◆ **WORK REQUIRED**: Extract the records in full, leaving every picture out.

◆ **EXERCISE DATA**:
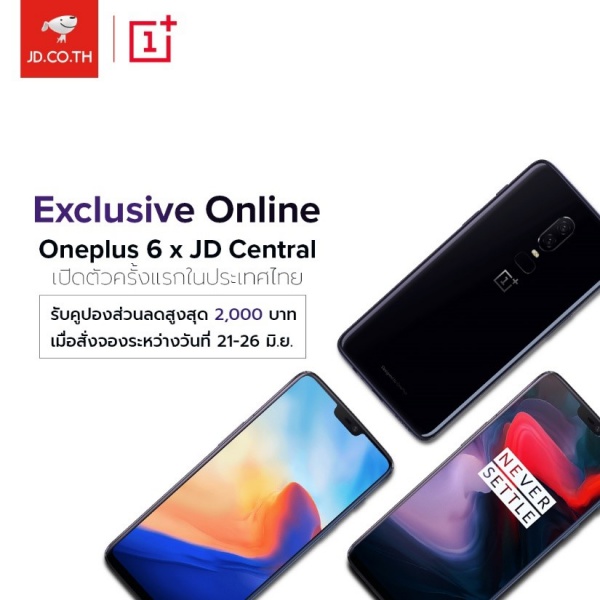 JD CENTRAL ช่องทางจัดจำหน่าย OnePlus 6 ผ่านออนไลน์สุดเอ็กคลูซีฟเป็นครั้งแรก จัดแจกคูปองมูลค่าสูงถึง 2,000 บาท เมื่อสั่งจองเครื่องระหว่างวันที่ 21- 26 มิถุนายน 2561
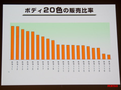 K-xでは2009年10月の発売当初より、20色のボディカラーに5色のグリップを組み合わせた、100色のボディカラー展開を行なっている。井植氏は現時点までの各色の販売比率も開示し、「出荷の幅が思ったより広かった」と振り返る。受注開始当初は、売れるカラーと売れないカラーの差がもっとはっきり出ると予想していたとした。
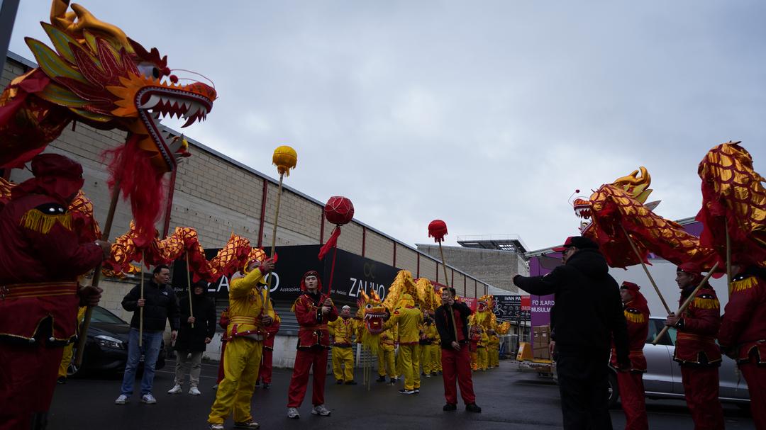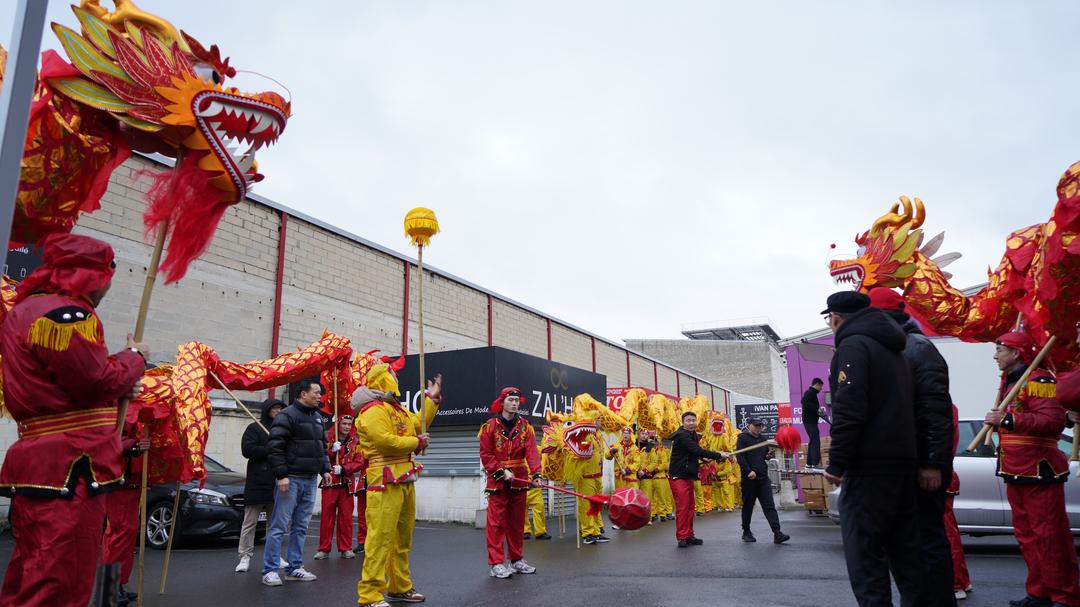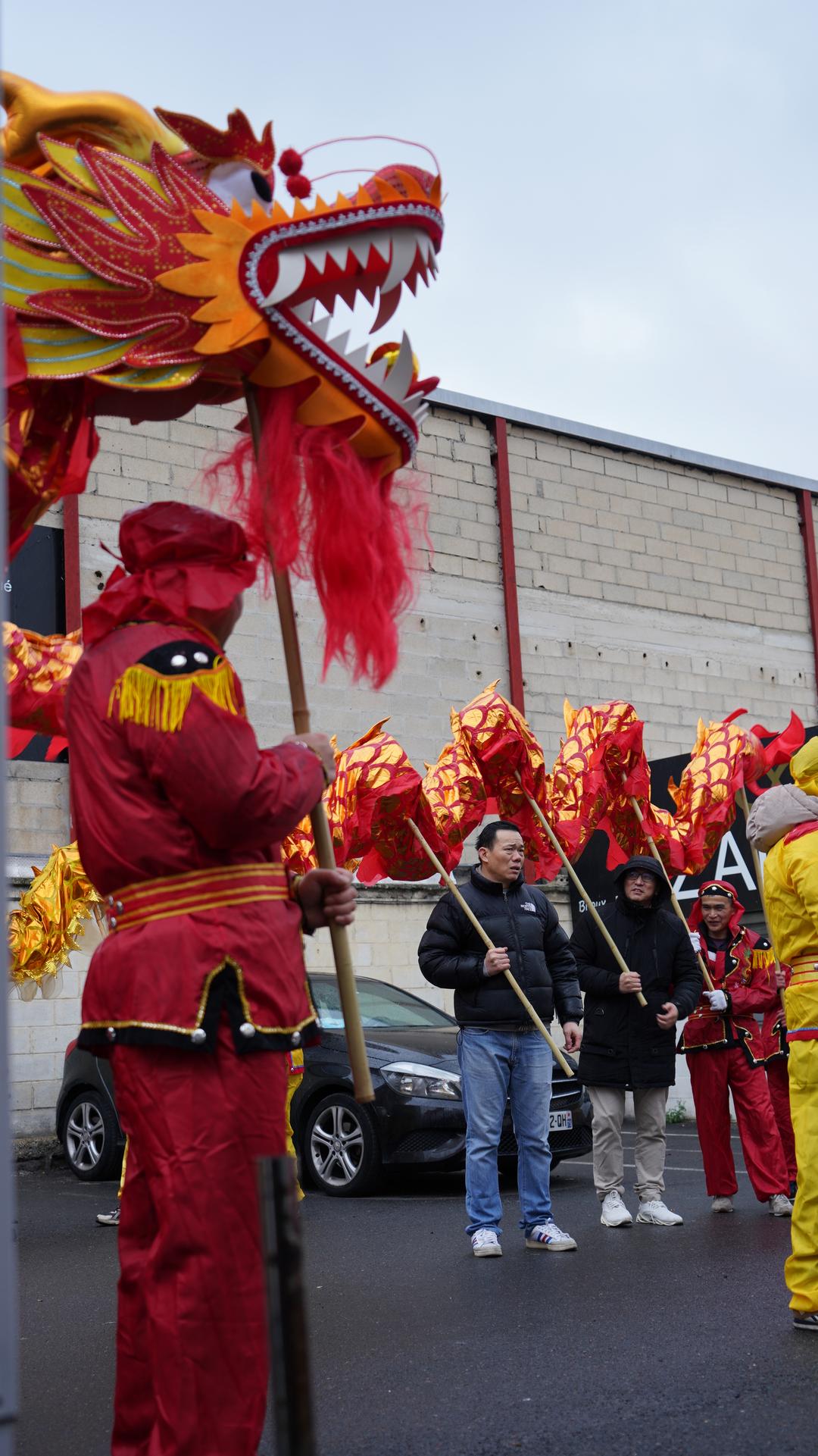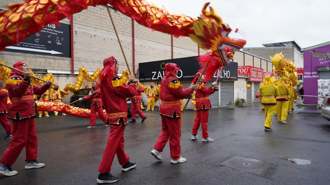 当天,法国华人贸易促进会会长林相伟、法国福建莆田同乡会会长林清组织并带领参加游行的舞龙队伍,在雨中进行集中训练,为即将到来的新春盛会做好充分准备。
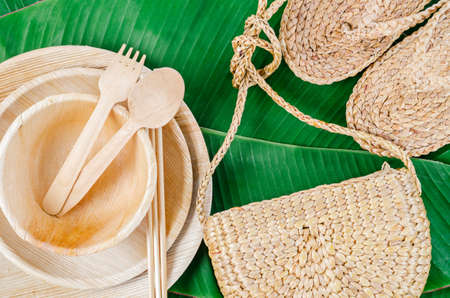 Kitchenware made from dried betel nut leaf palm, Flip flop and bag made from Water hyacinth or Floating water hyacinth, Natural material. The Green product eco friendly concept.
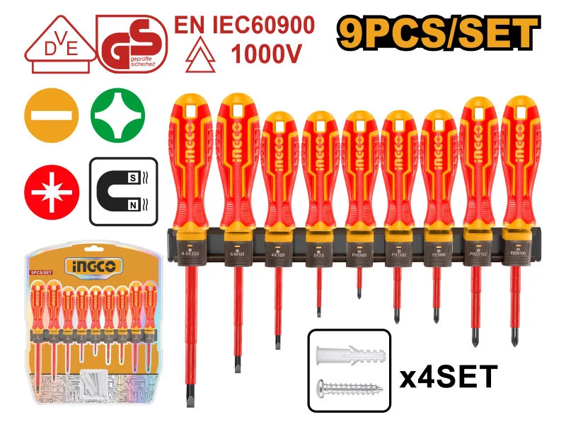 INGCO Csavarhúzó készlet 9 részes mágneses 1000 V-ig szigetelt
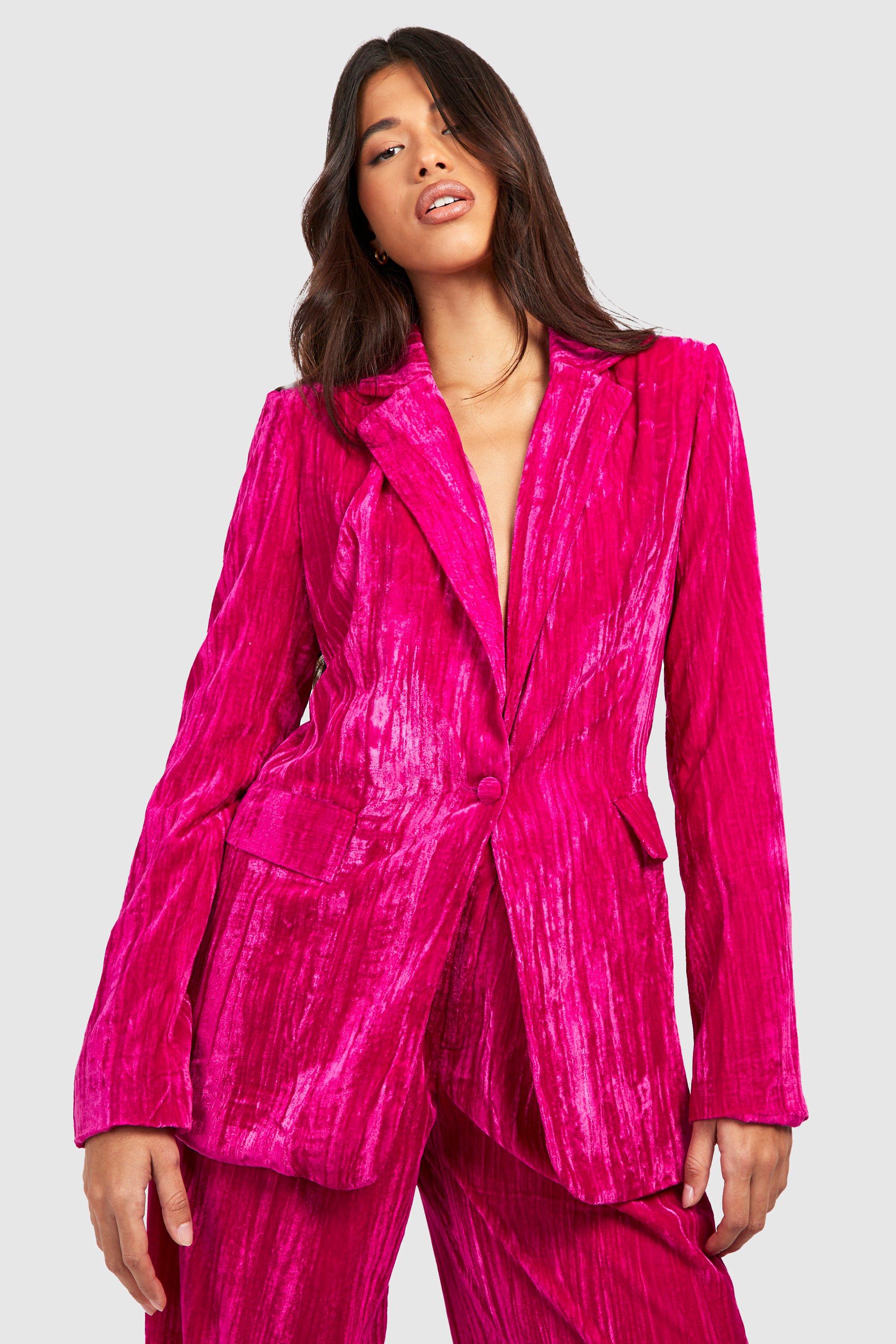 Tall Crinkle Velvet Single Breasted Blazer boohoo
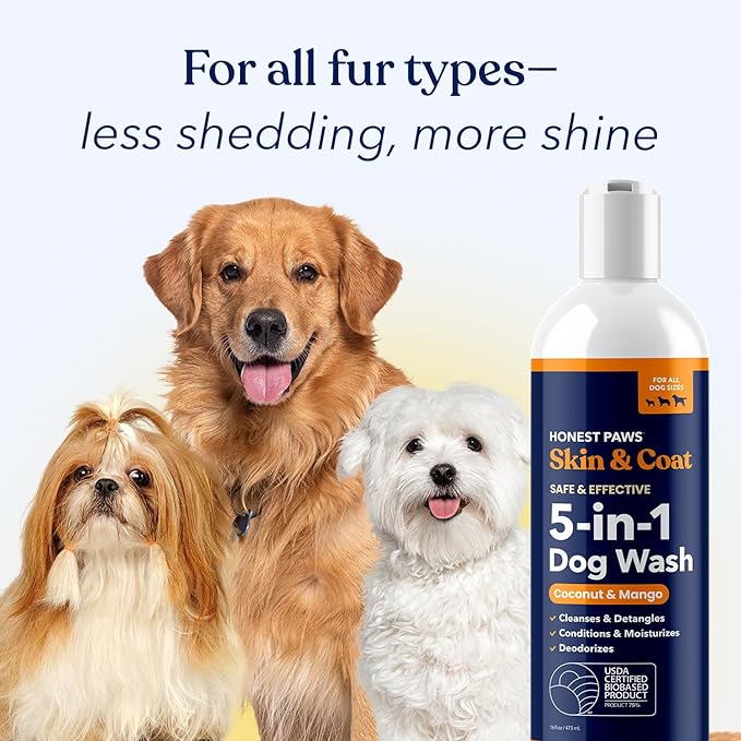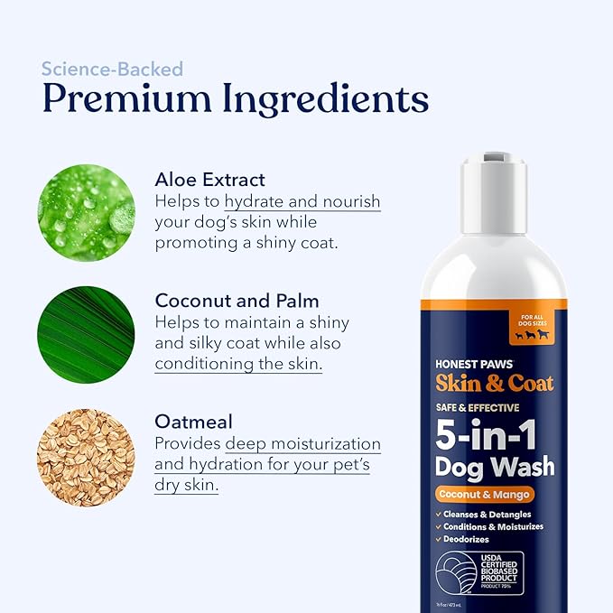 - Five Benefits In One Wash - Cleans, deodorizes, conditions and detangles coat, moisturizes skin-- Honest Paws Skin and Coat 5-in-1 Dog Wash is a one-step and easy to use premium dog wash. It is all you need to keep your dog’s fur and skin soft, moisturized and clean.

◆ **EXERCISE ANSWER**:
 JD CENTRAL ช่องทางจัดจำหน่าย OnePlus 6 ผ่านออนไลน์สุดเอ็กคลูซีฟเป็นครั้งแรก จัดแจกคูปองมูลค่าสูงถึง 2,000 บาท เมื่อสั่งจองเครื่องระหว่างวันที่ 21- 26 มิถุนายน 2561
 K-xでは2009年10月の発売当初より、20色のボディカラーに5色のグリップを組み合わせた、100色のボディカラー展開を行なっている。井植氏は現時点までの各色の販売比率も開示し、「出荷の幅が思ったより広かった」と振り返る。受注開始当初は、売れるカラーと売れないカラーの差がもっとはっきり出ると予想していたとした。
 当天,法国华人贸易促进会会长林相伟、法国福建莆田同乡会会长林清组织并带领参加游行的舞龙队伍,在雨中进行集中训练,为即将到来的新春盛会做好充分准备。
 Kitchenware made from dried betel nut leaf palm, Flip flop and bag made from Water hyacinth or Floating water hyacinth, Natural material. The Green product eco friendly concept.
 INGCO Csavarhúzó készlet 9 részes mágneses 1000 V-ig szigetelt
 Tall Crinkle Velvet Single Breasted Blazer boohoo
 - Five Benefits In One Wash - Cleans, deodorizes, conditions and detangles coat, moisturizes skin-- Honest Paws Skin and Coat 5-in-1 Dog Wash is a one-step and easy to use premium dog wash. It is all you need to keep your dog’s fur and skin soft, moisturized and clean.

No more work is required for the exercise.